Dickens is suggesting through this connection with the Gradgrind children and the factory workers that the children are also turning into machines. By stripping them of their imagination and instilling them with the facts of the world, Gradgrind has forced them into the same monotonous and machine-like existence that the factory workers are forced to endure. Gradgrind even calls Sissy “girl number twenty,” completely ignoring Sissy’s sense of self. He has changed her from a child into a mechanized component of his system, the same way a part contributes to the functioning of the entire machine (10).

    In the climax of the novel, Louisa finally rejects her father’s teachings and becomes fully human for the first time. Instead of the harsh industrial language associated with education and the factory, here Louisa’s speech is filled with natural allusions:

Would you have doomed me, at any time, to other frost and blight that have hardened and spoiled me? Would you have robbed me – for no one’s enrichment – only for the greater desolation of this world – of the immaterial part of my life, the spring and summer of my belief, my refuge from what is sordid and bad in the real things around me, my school in which I should have learned to be more humble and more trusting with them, and to hope in my sphere to make them better? […] With a hunger and thirst upon me, father, which have never been for a moment appeased; with an ardent impulse towards some region where rules, and figures, and definitions were not quite absolute; I have grown up, battling every inch of my way (209, 210).

Louisa uses the words “frost and blight” to describe the way Gradgrind has raised her and uses “spring and summer” to describe her belief.

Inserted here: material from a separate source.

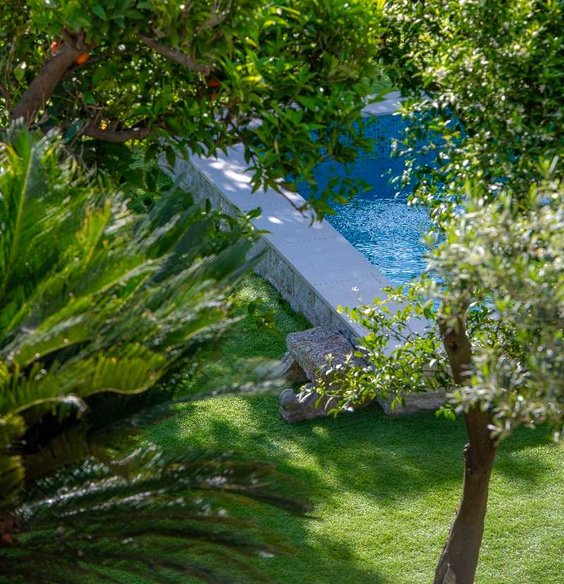 Scattered with citruses, olive trees, and Mediterranean shrubs like lavender and rosemary, the terraces hold many intimate alcoves with tables, chairs, and armchairs, ideal for spending time in solitude or socializing with loved ones. The spacious dining table and outdoor barbecue in the stone garden gazebo will bring the entire group together over delectable al fresco meals.

The former are words associated with calculating harshness while the latter are associated with the natural world and a lack of mechanization. She goes on to use the words “touch,” “hunger,” and “thirst” which are all sensations that machines are incapable of. Louisa is ultimately unhappy with how she was brought up and how her life has turned out and she blames this on how she was taught to be a machine.
Picture
Thomas Gradgrind apprehends his children Louisa and Tom at the circus
Harry French, Wood engraving, 1870s

Conclusion

    Dickens does not give a clear solution to the problem of industrialization that society was facing at the time. He shows the circus as an alternative to the factories and he shows how children’s education is vital to how they will one day act in society, but he does not “offer a programmatic solution to the ugly snarl of Coketown; a program, after all, is simply more Fact. Instead he calls for a radical reorganization, by each of us, of our own lives, de-emphasizing schedule and machine, fostering the legitimate human instinct for relaxation, good humor, and creativity” (Danzig, 197). British society at the time was concerned about the dehumanization taking place throughout the country. In his novel, Hard Times, Dickens acknowledges these fears, but does not offer any concrete solutions that would have eased his reader’s minds.
Picture
Row houses emphasize the lack of identity felt in Hard Times
Gustav Dore, Over London by Rail, 1870
Works Cited

Danzig, Allan. The Theme of the Machine. Dubuque, Iowa: WM. C. Brown Company, 1969. Print.
Dickens, Charles. Hard Times. London: Penguin, 2003. Print.
Johnson, Patricia E. "Hard Times and the Structure of Industrialism: The Novel as Factory." Trans. Array Critical Insights: Charles Dickens. Pasadena: Salem Press, 2011. Print.